▶ **WHAT IS NEEDED**:
In the records below, begin at the line containing "I’m just full" and end at the line containing "As discussed in"; quote every line in that span exactly, including both boundary lines, and no others.

▶ **DATA EXTRACT**:
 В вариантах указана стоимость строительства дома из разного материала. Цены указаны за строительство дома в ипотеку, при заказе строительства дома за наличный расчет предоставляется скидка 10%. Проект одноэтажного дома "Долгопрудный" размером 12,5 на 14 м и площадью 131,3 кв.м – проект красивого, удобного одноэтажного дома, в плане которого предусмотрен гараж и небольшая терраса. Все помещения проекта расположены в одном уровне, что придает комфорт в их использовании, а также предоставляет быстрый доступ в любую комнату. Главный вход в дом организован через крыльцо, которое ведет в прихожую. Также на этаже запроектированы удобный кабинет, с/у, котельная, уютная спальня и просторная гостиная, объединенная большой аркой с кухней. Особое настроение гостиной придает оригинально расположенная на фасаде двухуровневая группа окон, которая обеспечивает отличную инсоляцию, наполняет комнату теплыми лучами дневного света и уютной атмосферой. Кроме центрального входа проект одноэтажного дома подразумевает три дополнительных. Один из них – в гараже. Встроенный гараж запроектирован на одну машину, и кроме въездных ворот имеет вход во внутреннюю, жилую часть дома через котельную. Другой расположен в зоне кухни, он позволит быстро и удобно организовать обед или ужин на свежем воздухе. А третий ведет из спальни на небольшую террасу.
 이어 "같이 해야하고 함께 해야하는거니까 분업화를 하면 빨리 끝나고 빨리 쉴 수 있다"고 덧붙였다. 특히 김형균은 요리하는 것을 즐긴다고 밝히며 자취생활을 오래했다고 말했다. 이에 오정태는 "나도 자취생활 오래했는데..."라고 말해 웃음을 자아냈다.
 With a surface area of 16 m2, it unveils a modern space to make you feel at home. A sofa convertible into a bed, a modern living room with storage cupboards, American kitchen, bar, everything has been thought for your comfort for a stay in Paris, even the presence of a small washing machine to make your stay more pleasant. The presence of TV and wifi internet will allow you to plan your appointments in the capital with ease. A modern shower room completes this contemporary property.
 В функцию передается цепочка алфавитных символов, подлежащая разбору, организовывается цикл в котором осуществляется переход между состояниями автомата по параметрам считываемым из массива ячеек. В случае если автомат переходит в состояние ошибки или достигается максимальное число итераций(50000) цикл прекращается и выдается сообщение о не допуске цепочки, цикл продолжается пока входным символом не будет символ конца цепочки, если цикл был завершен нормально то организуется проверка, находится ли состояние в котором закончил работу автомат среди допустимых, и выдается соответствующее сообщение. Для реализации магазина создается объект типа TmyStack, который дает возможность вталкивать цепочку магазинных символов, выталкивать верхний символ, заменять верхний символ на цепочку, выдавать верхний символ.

---

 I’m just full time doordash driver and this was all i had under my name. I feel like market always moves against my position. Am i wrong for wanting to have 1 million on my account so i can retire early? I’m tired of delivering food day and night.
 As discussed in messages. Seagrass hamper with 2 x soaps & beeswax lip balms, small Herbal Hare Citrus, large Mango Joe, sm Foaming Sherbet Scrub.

▶ **ANSWER BELOW**:
 I’m just full time doordash driver and this was all i had under my name. I feel like market always moves against my position. Am i wrong for wanting to have 1 million on my account so i can retire early? I’m tired of delivering food day and night.
 As discussed in messages. Seagrass hamper with 2 x soaps & beeswax lip balms, small Herbal Hare Citrus, large Mango Joe, sm Foaming Sherbet Scrub.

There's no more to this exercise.